Отец Туберозов, высокий, плотный, сановитый мужчина с гордым и правильным лицом, с головою, покрытою волосами густыми, словно львиная грива, и пронизанною седыми нитями, сидел в это время за круглым столиком красного дерева. Он был в одном терновом подряснике и пил чай с принесенною им самим просфорою.
Ахилла-дьякон ввел Данилку за ухо в самую залу удивленного этой процессией отца протоиерея и, поставив его у притолки, обратился к хозяину с такими словами: «Я, отец протопоп, сейчас наказал сего человека».
Отец протопоп положил на стол просфору и взглянул на Десницина.
– Он смущает народ и склоняет к непочитанию обрядностей. Он говорил, и мне сие стало достоверно известно, – что дождь, сею ночью шедший после вчерашнего мирского молебствия, не по молебствию воспоследовал.
– Откуда ты это знаешь, глупец? – спросил Туберозов стоящего перед ним растрепанного Данилку.
Сконфуженный Данилка молчал.
– Говорил, отец протопоп, – продолжал дьякон, – что это силою природы последовало.
– Силою природы? – процедил, собирая придыханием с ладони крошечки просфоры, отец Туберозов. – Силою природы вот такие дураки, как ты, рождаются, но и то на них посылается лоза, вводящая их в послушание и в разум. Где ты это научился таким рассуждениям? А! Говори, я тебе приказываю.

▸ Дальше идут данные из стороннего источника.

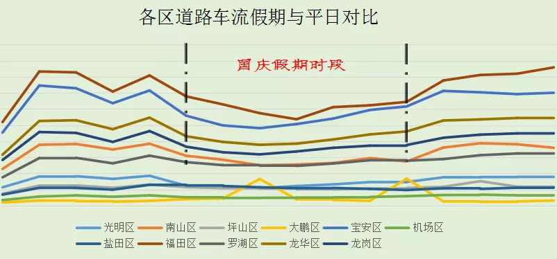 市內(nèi)交通除大鵬和鹽田區(qū)較平日有所上升外,其余各區(qū)均較平日車流減少30%左右。假日期間車流將集中在非上下班高峰的時間段。

– По сомнению, отец протопоп, – скромно отвечал Данилка.
– Сомнения и самомнения тебе, дуре этакой, не принадлежат, и посему принял ты вполне по заслугам своим достойное, – решил отец протопоп и, встав с своего места, сам своею рукою завернул Данилку лицом к порогу и сказал: – Иди, глупец, к себе подобным.
Решения отца протоиерея были безапелляционны. Отец протопоп Туберозов был всеми чтим, всеми уважаем и почитаем за самого умнейшего человека во всей окружности, следовательно, отец протопоп ошибаться и погрешать не мог.
– Сей голове, что у нас под камилавкой ходит, сопротивустойной еще нет нигде, – утверждал всем и каждому насчет отца протопопа Ахилла-дьякон, и Ахилле-дьякону никогда против этого ни один человек не возражал.
Правда, что был один такой записной спорщик, это лекарь Пуговкин, который не терпел ничего представляемого в превосходной степени и потому не сделал исключения и для отца Туберозова, но за то же лекарь Пуговкин и был на этом споре посрамлен и смят дьяконом Ахиллой.
– Кто же? кто, по-твоему, есть умнее отца протопопа? – вопросил дьякон спорщика, чуть только тот подал слабый голос сомнения.
– Да есть такие люди, – отвечал, азартно мотая головою, лекарь.
– Да, но где же они? ведь всякий же человек где-нибудь живет; слух про него где-нибудь слышится; ну, так где же они, эти люди?
– Где?.. Ну, да вот сейчас первый царь Соломон был его умнее.
– Ха-ха-ха! Ну да и хватил же кого! Ну, царь Соломон; ну, это первый и жил в Иерусалиме, да и то его уже нет ноне.
– Ну, а министр юстиции?
– Что? Министр юстиции! – Ахилла подумал с минуту и решил: – Ну, пущай министр юстиции; ну, а еще-то кто же его умнее?